Appliancepartspros.com also offers a live chat tool to help customers navigate the site or find a specific part as they look at images of washer motors, broiler parts and refrigerator pumps. “Buying appliance parts isn’t exactly a fun task, so making a site for appliance parts easy to use is key,” says Shari Altman, president of direct marketing and e-commerce consulting firm Altman Dedicated Direct Inc. “Appliancepartspros.com also does their homework in terms of removing barriers to purchasing.”
The idea men
One has to hand it to the guys at Backcountry.com: They’re never short on ideas. The group that mastered the niche strategy-they began setting up microsites for various subsets of outdoor enthusiasts in 2004-are continuing to innovate.

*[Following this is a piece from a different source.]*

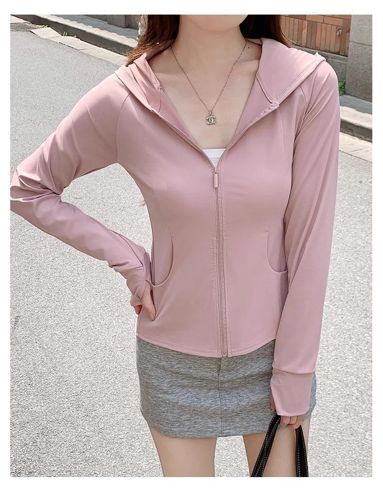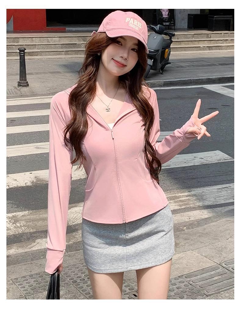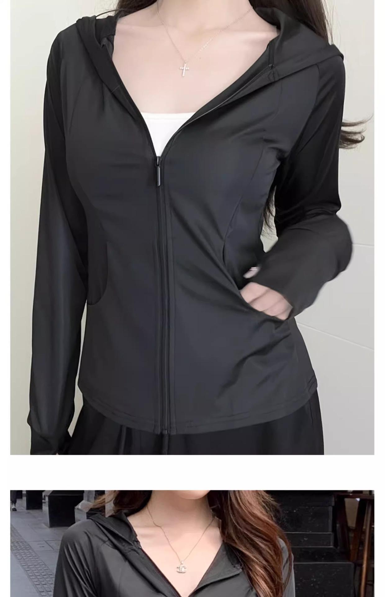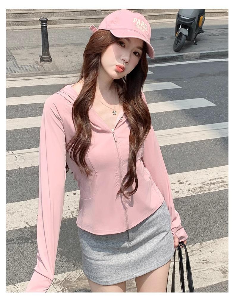 Ropa de Protección Solar de Seda de Hielo con Capucha para Mujer 2025 Nuevo Verano Fina para Exterior Anti-UV Ajustada Chaqueta Top
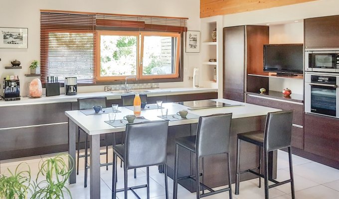 This beautiful holiday home will seduce you at first sight! Located in Moëlan-sur-Mer, 5.7km from the beaches and 13km from Quimperlé, this wooden house with contemporary architecture offers a bright and comfortable interior and will be ideal for holidays with family or friends in Finistère. To enjoy the sun, a beautiful wooden terrace of 48m² awaits you and you will love the large garden of 1300m². Bedroom # 1 is very large and has a private bathroom. 1500m away, one of the most beautiful ports of Brittany awaits you. 5.7 km away, the beach of Kérou welcomes you for beautiful sunny days and water sports enthusiasts will find their happiness. In the surroundings you will make discoveries and exciting visits, starting with Quimperlé and its abbey of Sainte Croix (13 km). Pont-Aven and its historic center will charm you just as much 16 km), as Quimper and its beautiful streets lined with half-timbered houses (52 km). Want to remain fit or just relax? Golf, horse riding or leisurely bike rides, you will find your happiness! In Pont-Scorff, the Zoo and the aquarium (23km) will delight young and old and you will spend a beautiful day at the Labyrinth of Pont-Aven. And for gourmands, creperies will be an essential step. Come and discover Finistère thanks to this beautiful vacation rental.

Earlier this year the outdoor gear specialist introduced so-called fall-through search at its site. The feature, built by WebSideStory at the company’s request, delivers searchers to other Backcountry sites when they’ve searched for an item Backcountry.com doesn’t carry but its other niche sites do.
Backcountry doesn’t cross-market across its sites because “we think there’s a lot of power in having separate brands,” says John Bresee, president. “On the other hand, when a customer is looking for something and we know that we have it, to not offer it to them is not good customer service.”
Fall-through search preserves the separate identities of the specialized niche sites while directing the customer to the site carrying the product. “It’s been a powerful revenue driver across all sites,” Bresee says.
Fall-through search “is a great idea, but it needs some work,” contends Maris Daugherty, senior consultant at J.C. Williams Group. She notes that it may confuse some customers because while they’re told they’re being forwarded to a different site, they still appear to be on Backcountry.com.
Backcountry in August also introduced the “Bottomless SaC” at its SteepandCheap.com site, where bargain hunters can get deeply discounted prices on “killer gear.” Originally, Backcountry posted one deal at midnight each day, “but the site was getting so much traffic that we were selling out at 1 a.m.,” Bresee says. “We had 23 hours of dead air some days.”